#### EXERCISE
Restate, exactly and without pictures, the lines from the start of the listing below through the line holding "Chubby blonde Angie".

*** Opening EXERCISE INPUTS ***

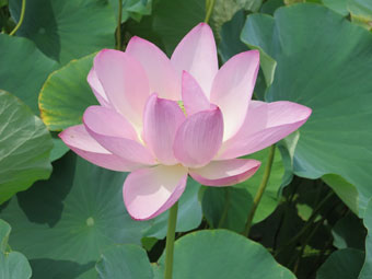 ◇蓮は午前中ということで早目にやってきた。古代蓮の里は入口から世界のさまざまな蓮がさいていて驚かされる。(淑子) ◇二千年、三千年前に種からの大賀蓮、とても淡いピンク色だった。万葉の時代の乙女の立姿を見るようだった。(隆雄) ◇ボランティアの方が蓮の花の一日目、二日目、三日目とそれぞれ咲き方や萎む時間などを教えてくれました。(瓔子) |
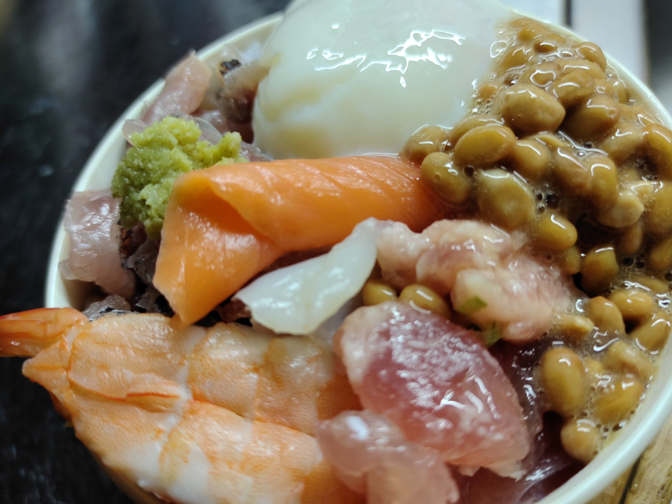 彩り海鮮丼297円に、あじたたきお刺身297円をプラスして、そのうえ、納豆と温泉卵もプラスした、豪華海鮮丼と、サラダ昆布入りお味噌汁。
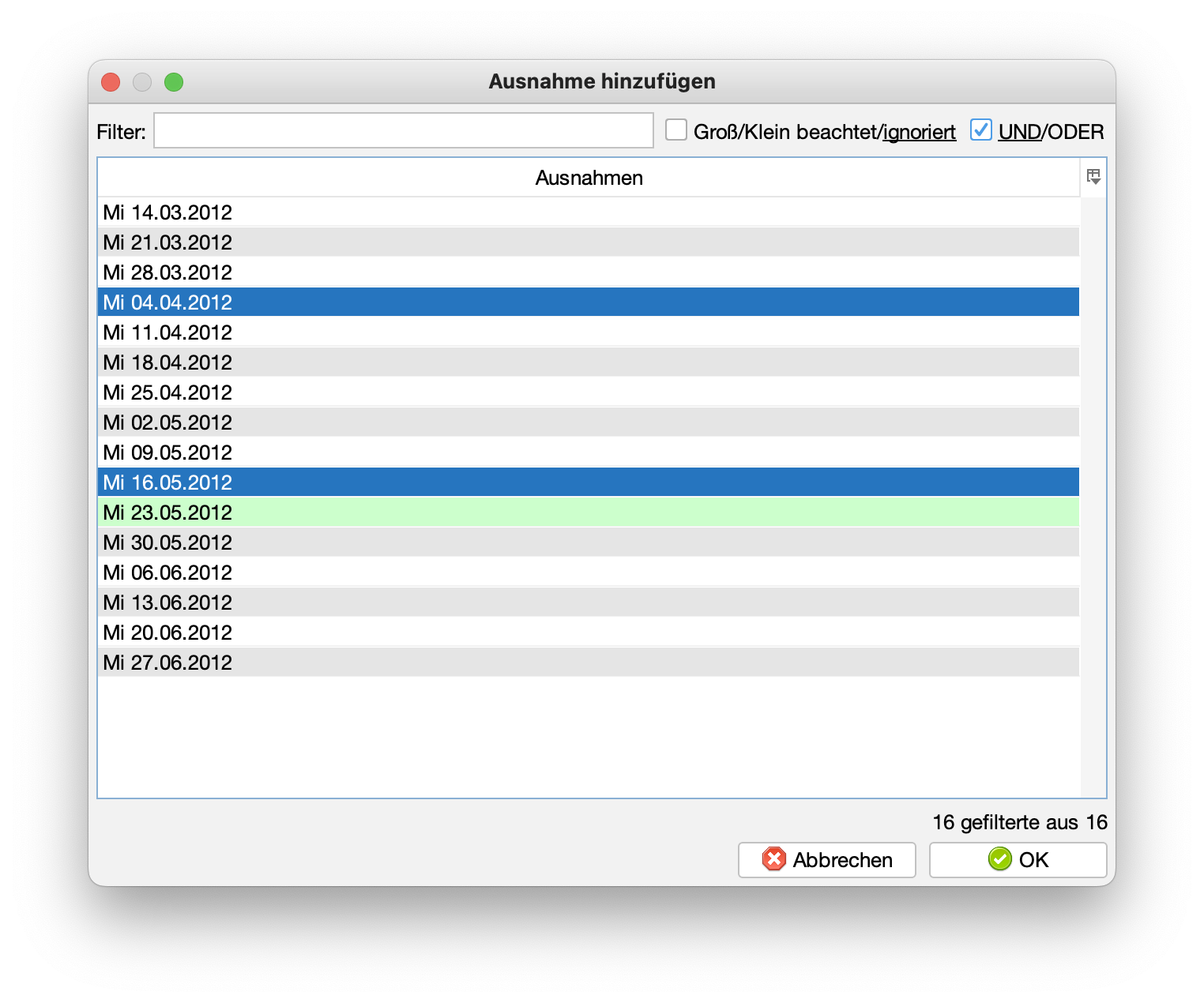 Wählen Sie den Tag aus, an dem die Veranstaltung ausfällt, und klicken Sie auf "OK". Der ausgewählte Termin erscheint dann unter "Ausnahmen".
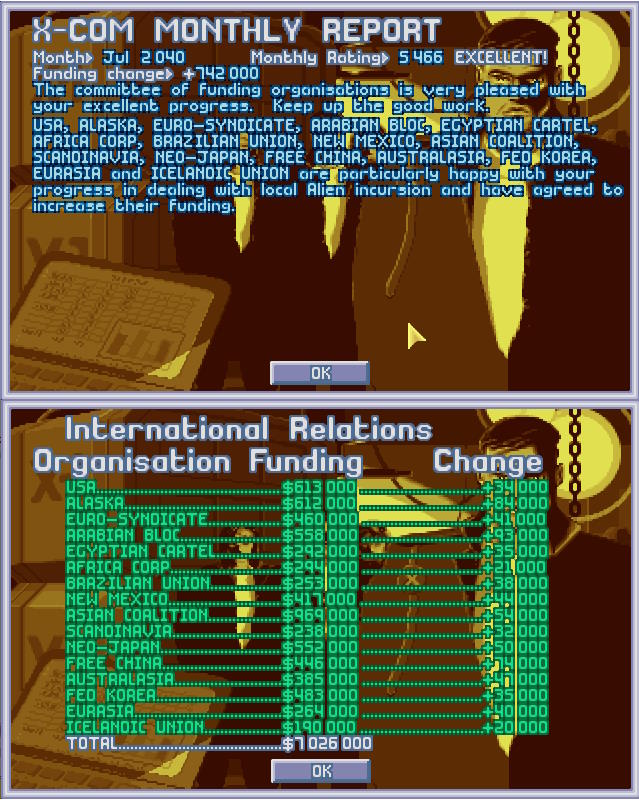 Spotkanie z Komisją było owocne, jednak była w nim pewna kropla goryczy. Pomimo najlepszego wyniku X-COM w całym roku, Skandynawowie byli zdania, że obcy tylko na razie sondują nas, a ich jedno uderzenie pokazało, że jak uderzą z pełną siłą, ludzkość nie poradzi sobie i że teraz, gdy osiągamy sukcesy należy rozpocząć rozmowy, a nie wtedy, gdy nas pokonają. Szczęśliwie poza wpływem na Kartel Egipski, który postanowił utrzymać finansowanie na obecnym poziomie, pozostali członkowie rady zwiększyli finansowanie X-COM.
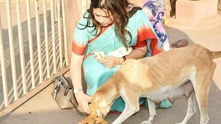 It was a pleasant surprise to watch the Member of Parliament from the New Delhi Constituency Meenakshi Lekhi feeding a stray dog that too with so much compassion. This is indeed a rear view (pic in the post). Feeding stray in India is not considered respectable. People often ridicule the feeders and find the whole exercise quite demeaning. People who feed not only face criticism and opposition but also face social stigma.
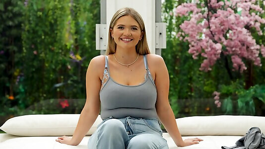 Chubby blonde Angie gets undressed and fucked on the bed during casting
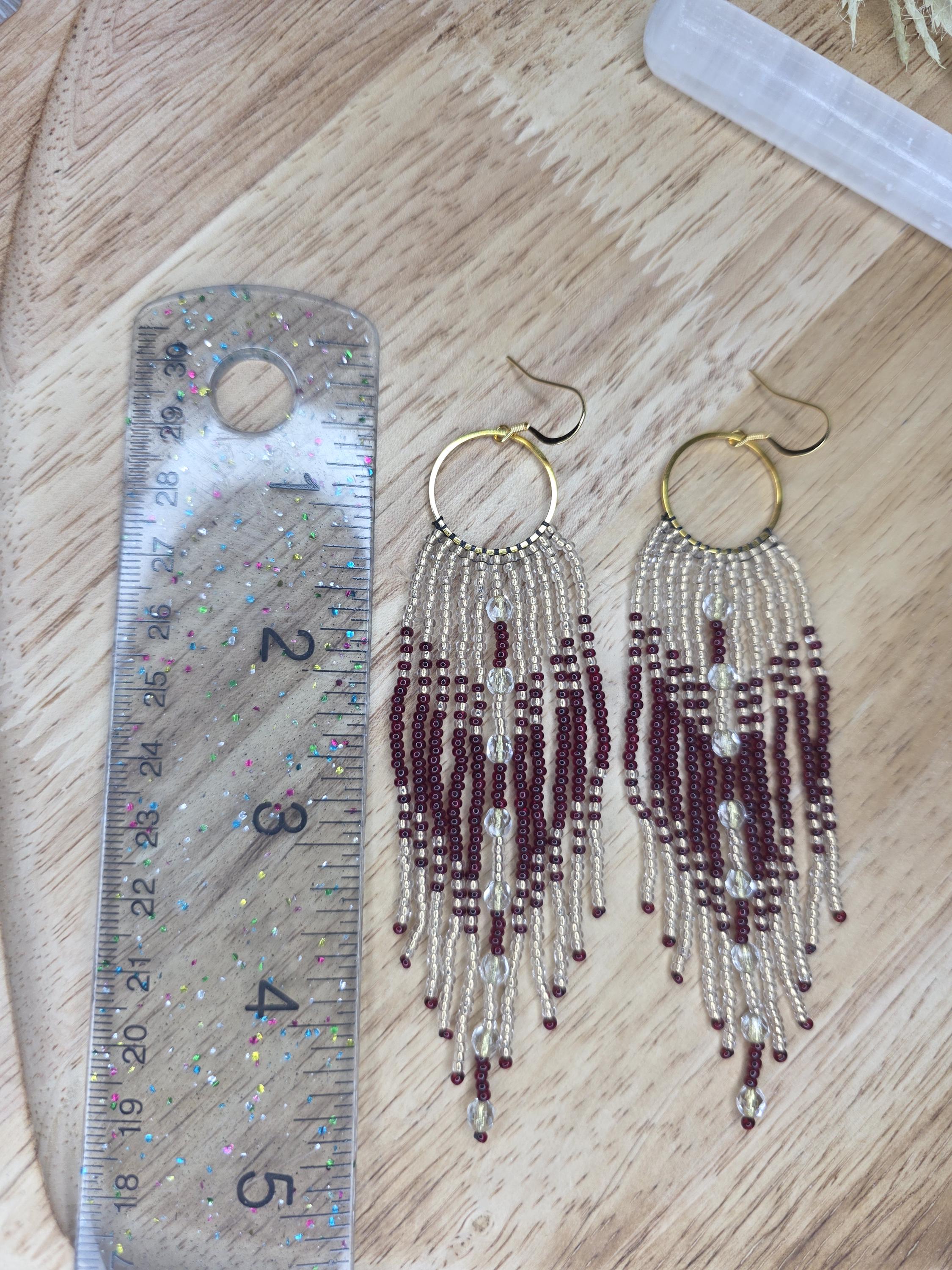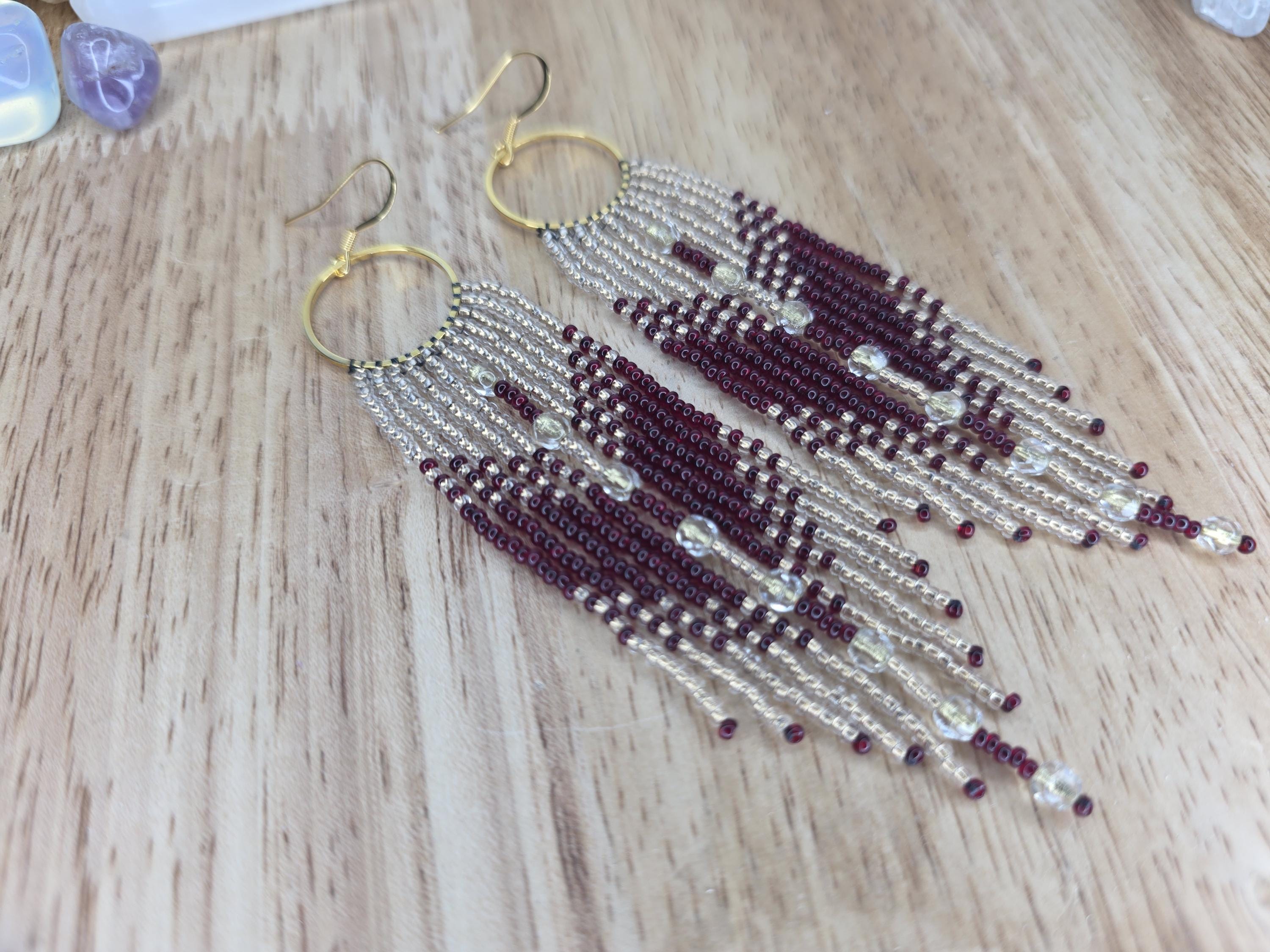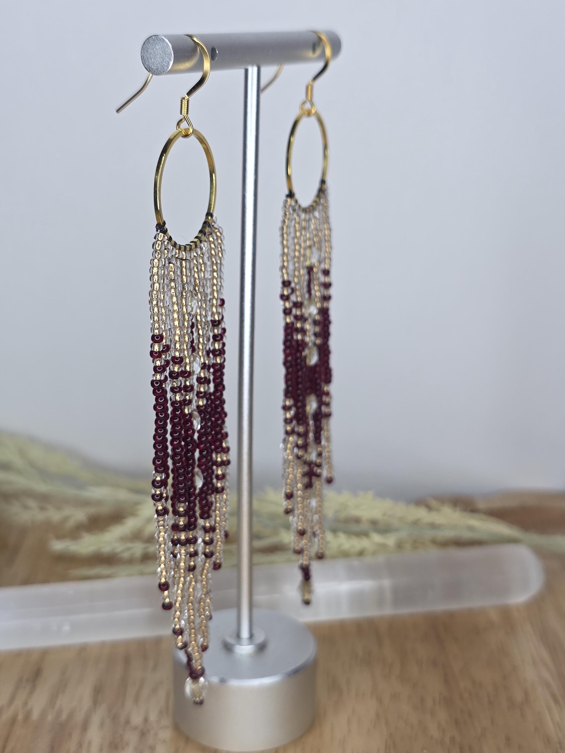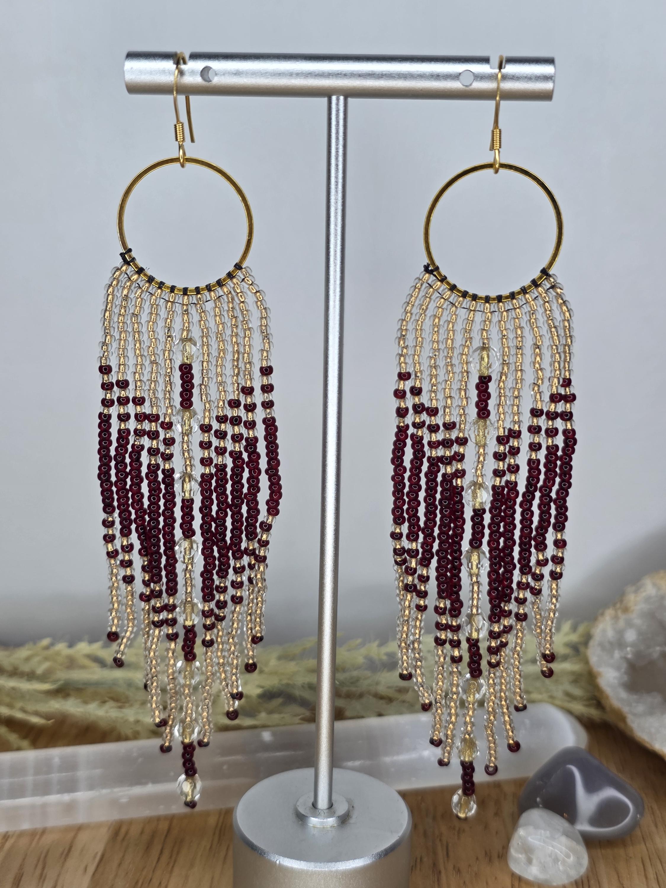 Hand Beaded Garnet and Gold earrings. These are made on a gold plated stainless steel hoop, with K.O. nylon thread. 18K gold plated stainless steel earwires. These are gorgeous deep garnet and gold lined Czech glass beads threaded in a beautiful pattern. There are gold lined larger beads in the middle for a gorgeous accent fringe. They have so much beautiful movement and look gorgeous in any lighting. They are about 5" long from the top to the bottom.
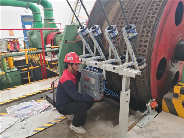 四繩提升機鋼絲繩監測系統安裝現場
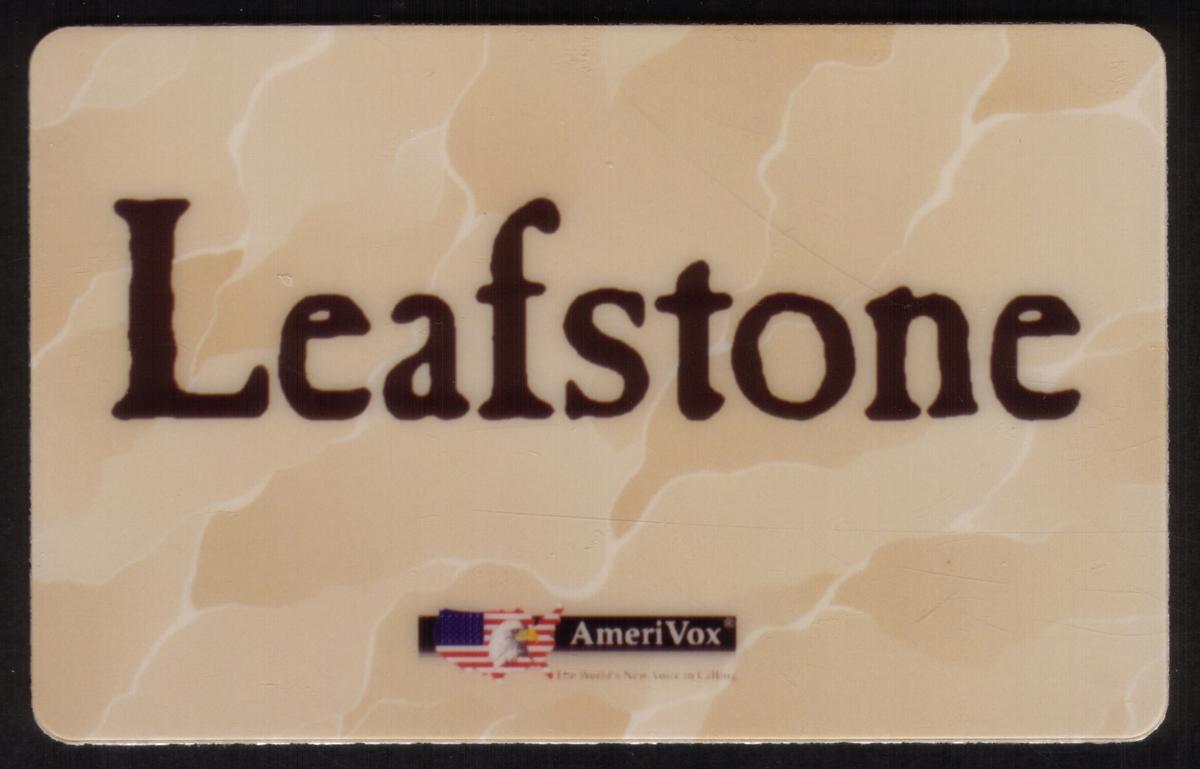 Prominently placed on the upper left corner is the logo and text “Leafstone PROOF,” accompanied by “AmeriVox” near the bottom right corner below the portrait. The card is branded with “WorldCom” in white text on a narrow orange vertical band along the left edge of the card. Additional smaller text states “PROMOTIONALS” and “COMPLIMENTARY” near the upper edge. The overall design emphasizes corporate branding combined with cultural representation, aligning with the promotional and corporate logos keywords.

*** Closing EXERCISE INPUTS ***

#### ANSWER SPACE
 ◇蓮は午前中ということで早目にやってきた。古代蓮の里は入口から世界のさまざまな蓮がさいていて驚かされる。(淑子) ◇二千年、三千年前に種からの大賀蓮、とても淡いピンク色だった。万葉の時代の乙女の立姿を見るようだった。(隆雄) ◇ボランティアの方が蓮の花の一日目、二日目、三日目とそれぞれ咲き方や萎む時間などを教えてくれました。(瓔子) |
 彩り海鮮丼297円に、あじたたきお刺身297円をプラスして、そのうえ、納豆と温泉卵もプラスした、豪華海鮮丼と、サラダ昆布入りお味噌汁。
 Wählen Sie den Tag aus, an dem die Veranstaltung ausfällt, und klicken Sie auf "OK". Der ausgewählte Termin erscheint dann unter "Ausnahmen".
 Spotkanie z Komisją było owocne, jednak była w nim pewna kropla goryczy. Pomimo najlepszego wyniku X-COM w całym roku, Skandynawowie byli zdania, że obcy tylko na razie sondują nas, a ich jedno uderzenie pokazało, że jak uderzą z pełną siłą, ludzkość nie poradzi sobie i że teraz, gdy osiągamy sukcesy należy rozpocząć rozmowy, a nie wtedy, gdy nas pokonają. Szczęśliwie poza wpływem na Kartel Egipski, który postanowił utrzymać finansowanie na obecnym poziomie, pozostali członkowie rady zwiększyli finansowanie X-COM.
 It was a pleasant surprise to watch the Member of Parliament from the New Delhi Constituency Meenakshi Lekhi feeding a stray dog that too with so much compassion. This is indeed a rear view (pic in the post). Feeding stray in India is not considered respectable. People often ridicule the feeders and find the whole exercise quite demeaning. People who feed not only face criticism and opposition but also face social stigma.
 Chubby blonde Angie gets undressed and fucked on the bed during casting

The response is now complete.